**Task:** In the entries that follow, find the line containing "アジサイが、花色を変えました"; from there, copy every line exactly through the line containing "Product Description A".

**Exercise material:**

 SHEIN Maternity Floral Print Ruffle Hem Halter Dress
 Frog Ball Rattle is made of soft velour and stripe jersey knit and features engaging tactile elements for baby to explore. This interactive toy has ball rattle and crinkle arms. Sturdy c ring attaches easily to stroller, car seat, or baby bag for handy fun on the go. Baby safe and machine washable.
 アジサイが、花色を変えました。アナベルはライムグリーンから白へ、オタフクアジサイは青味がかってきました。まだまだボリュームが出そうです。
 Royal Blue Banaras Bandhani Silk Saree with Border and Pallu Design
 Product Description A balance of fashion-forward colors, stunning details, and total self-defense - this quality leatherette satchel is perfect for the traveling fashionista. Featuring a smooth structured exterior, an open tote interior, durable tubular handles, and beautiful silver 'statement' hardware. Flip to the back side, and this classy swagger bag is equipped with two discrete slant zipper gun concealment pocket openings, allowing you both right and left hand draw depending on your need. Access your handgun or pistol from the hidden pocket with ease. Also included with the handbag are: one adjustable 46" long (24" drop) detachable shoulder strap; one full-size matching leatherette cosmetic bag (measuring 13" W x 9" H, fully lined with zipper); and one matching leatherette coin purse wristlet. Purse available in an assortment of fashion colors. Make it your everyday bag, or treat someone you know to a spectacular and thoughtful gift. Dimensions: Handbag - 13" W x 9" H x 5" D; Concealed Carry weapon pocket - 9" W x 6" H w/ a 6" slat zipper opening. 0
---
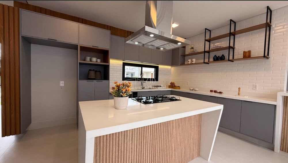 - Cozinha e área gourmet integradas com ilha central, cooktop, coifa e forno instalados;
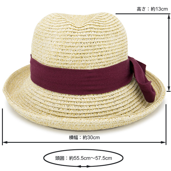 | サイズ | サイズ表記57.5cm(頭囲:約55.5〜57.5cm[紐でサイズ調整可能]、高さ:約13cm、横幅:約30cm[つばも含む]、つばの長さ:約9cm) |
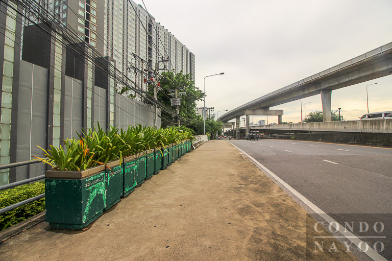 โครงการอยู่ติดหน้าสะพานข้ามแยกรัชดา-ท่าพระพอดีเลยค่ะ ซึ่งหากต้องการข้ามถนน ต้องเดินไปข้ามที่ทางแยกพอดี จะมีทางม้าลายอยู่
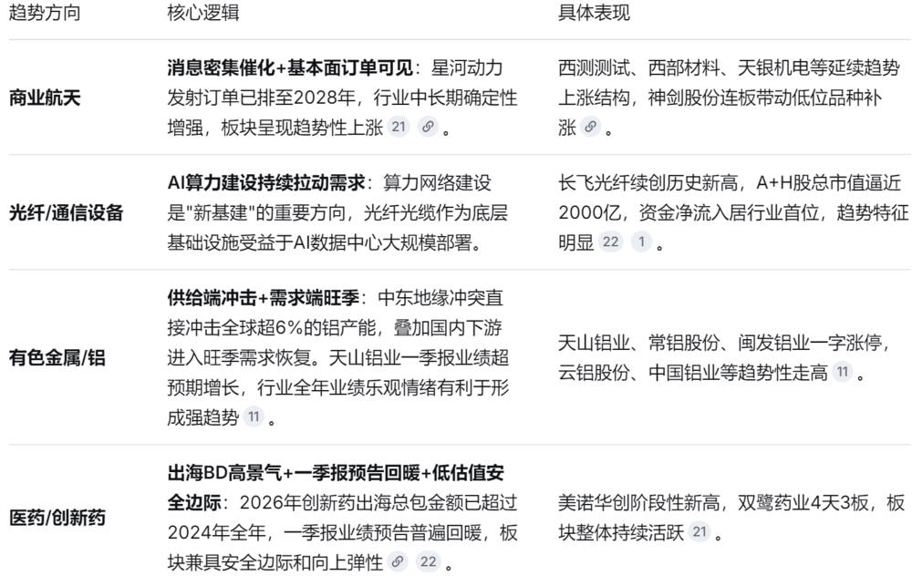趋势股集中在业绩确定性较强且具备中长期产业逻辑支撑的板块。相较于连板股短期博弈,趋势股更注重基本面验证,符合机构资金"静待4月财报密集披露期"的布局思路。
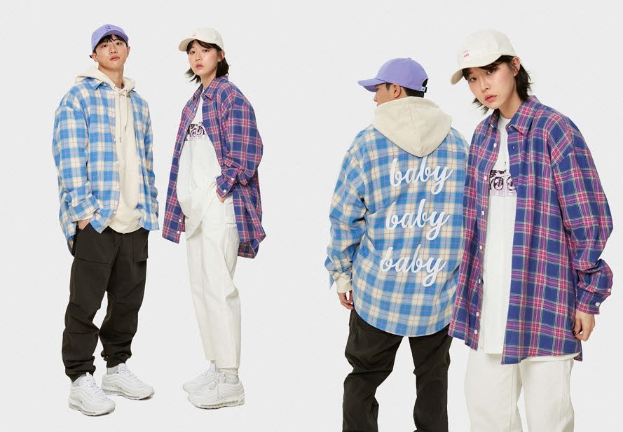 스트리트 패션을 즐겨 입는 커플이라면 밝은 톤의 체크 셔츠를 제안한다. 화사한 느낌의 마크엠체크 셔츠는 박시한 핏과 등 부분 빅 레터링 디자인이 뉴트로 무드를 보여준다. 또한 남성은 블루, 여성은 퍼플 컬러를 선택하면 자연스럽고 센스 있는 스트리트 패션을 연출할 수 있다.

**Reply to the task:**
 アジサイが、花色を変えました。アナベルはライムグリーンから白へ、オタフクアジサイは青味がかってきました。まだまだボリュームが出そうです。
 Royal Blue Banaras Bandhani Silk Saree with Border and Pallu Design
 Product Description A balance of fashion-forward colors, stunning details, and total self-defense - this quality leatherette satchel is perfect for the traveling fashionista. Featuring a smooth structured exterior, an open tote interior, durable tubular handles, and beautiful silver 'statement' hardware. Flip to the back side, and this classy swagger bag is equipped with two discrete slant zipper gun concealment pocket openings, allowing you both right and left hand draw depending on your need. Access your handgun or pistol from the hidden pocket with ease. Also included with the handbag are: one adjustable 46" long (24" drop) detachable shoulder strap; one full-size matching leatherette cosmetic bag (measuring 13" W x 9" H, fully lined with zipper); and one matching leatherette coin purse wristlet. Purse available in an assortment of fashion colors. Make it your everyday bag, or treat someone you know to a spectacular and thoughtful gift. Dimensions: Handbag - 13" W x 9" H x 5" D; Concealed Carry weapon pocket - 9" W x 6" H w/ a 6" slat zipper opening. 0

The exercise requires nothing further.